Insisting on transparency in biodefense research is crucial to keeping it safe. First, transparency acts as a restraint on research. A scientist with the public looking over his or her shoulder, probing the rationale for research, is less likely to engage in risky or provocative experiments. Secondly, transparency and public accountability promote peace and security. Because so much biodefense research is “dual use,” third parties need to see information about research and be able to independently decide if it is safe and peaceful. The US does not accept “trust me” assurances about biodefense from other countries and we should not accept them from US biodefense labs.

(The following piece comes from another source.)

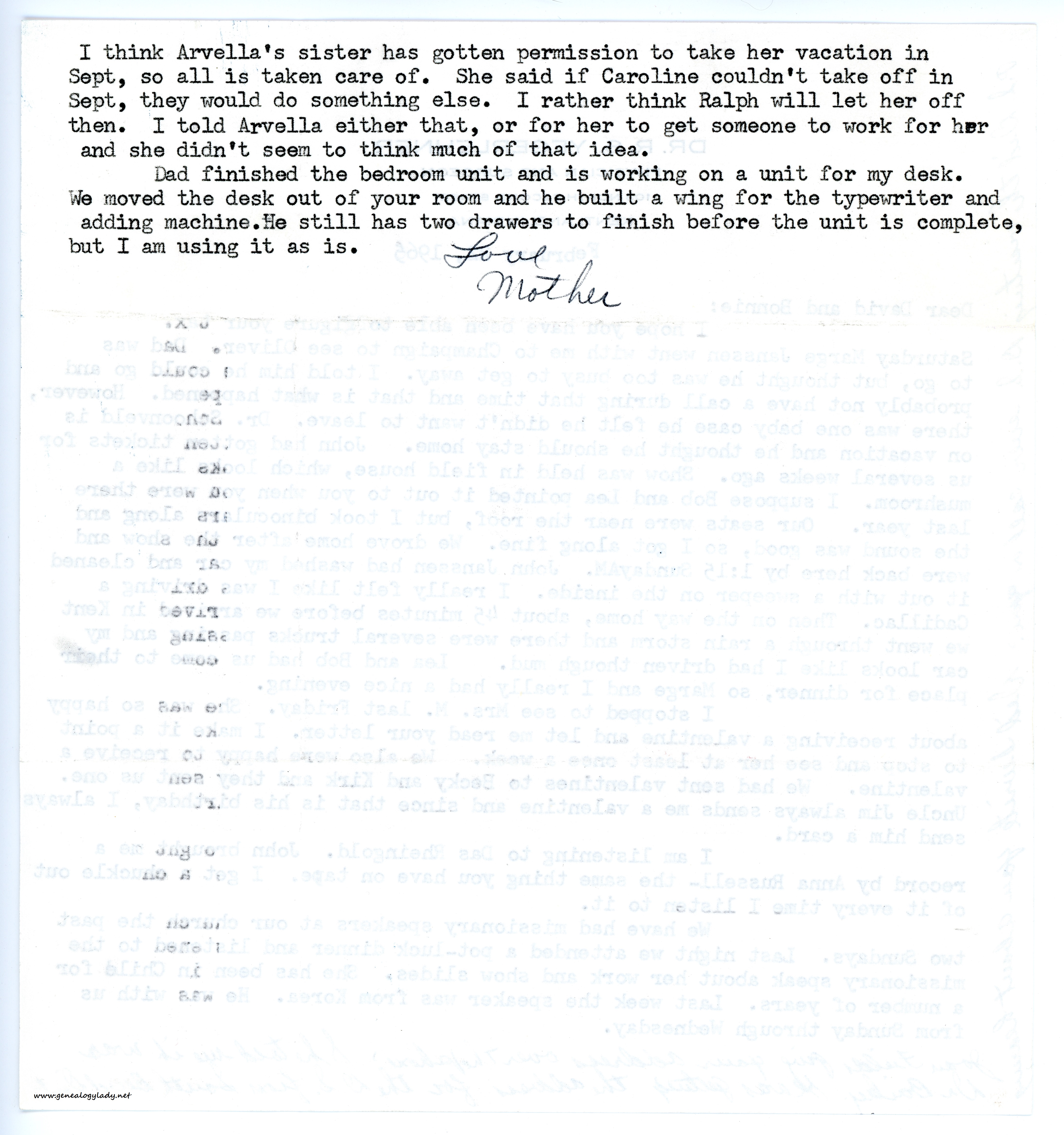 1965-02-22-gry-p-2[page 2] I think Arvella’s sister has gotten permission to take her vacation in Sept., so all is taken care of. She said if Caroline couldn’t take off in Sept., they would do something else. I rather think Ralph will let her off then. I told Arvella either that, or for her to get someone to work for her and she didn’t seem to think much of that idea.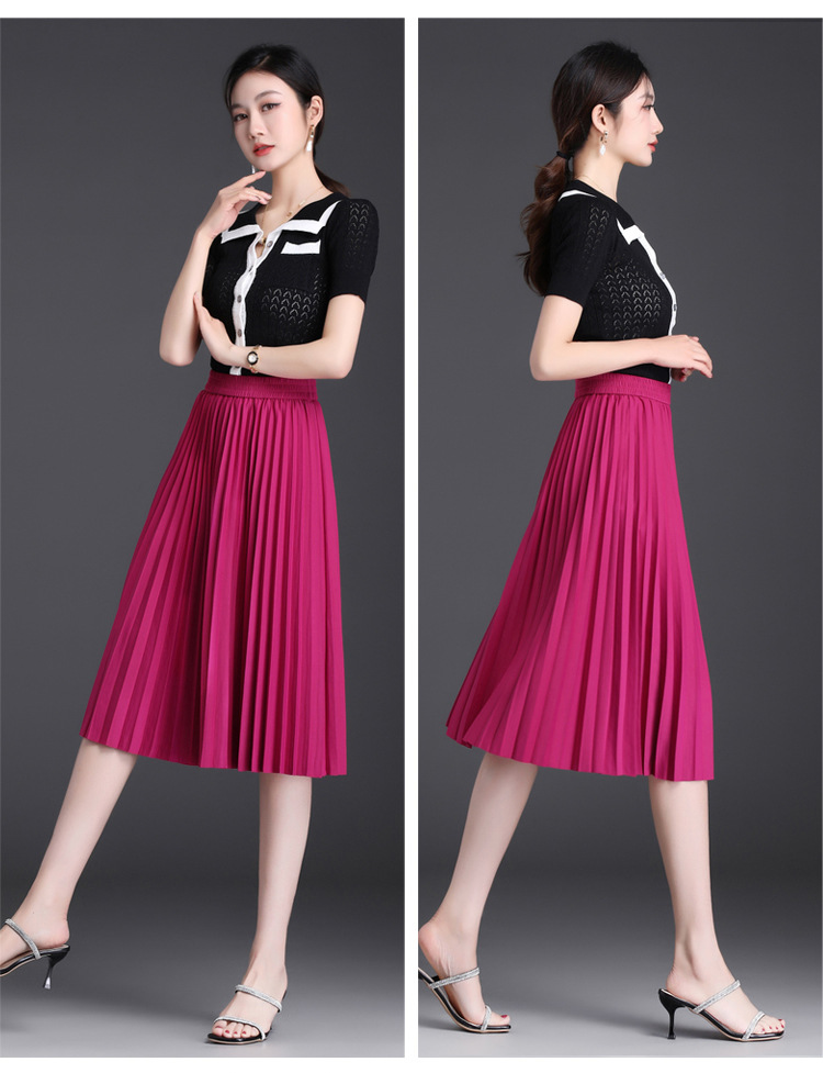 罗马百褶裙高腰a字中长款修身垂感气质半身裙TY2108

In 2003 there began a groundswell of public concern about research on bioweapons agents. From Boston to the Bay Area, citizens and non-profits are asking questions and demanding a say in biodefense research. Unfortunately, new federal bioterrorism laws are working in the opposite direction, encouraging more secrecy. And the expansion of biodefense research by unaccountable agencies like the Department of Energy and even the Central Intelligence Agency is deeply worrying.

We are at a crossroads: Do we cooperate with the world to reduce threats and limit research, or do we dive into exploring the darkest applications of biotechnology? Biological security will not be won with cruise missiles, bunker busters, and biotech. Non-profits and citizens need to give biodefense labs a hard time, asking aggressive questions, insisting on access to research plans—especially the records of biosafety committees—and criticizing dangerous research. Biotech and arms control activists can work together to change US policy, to force the US government to stop provocative and secret research and to cooperate with other countries to strengthen the Biological Weapons Convention. If we fail to do so, genetic tinkering with biological weapons agents may leave a devastating legacy.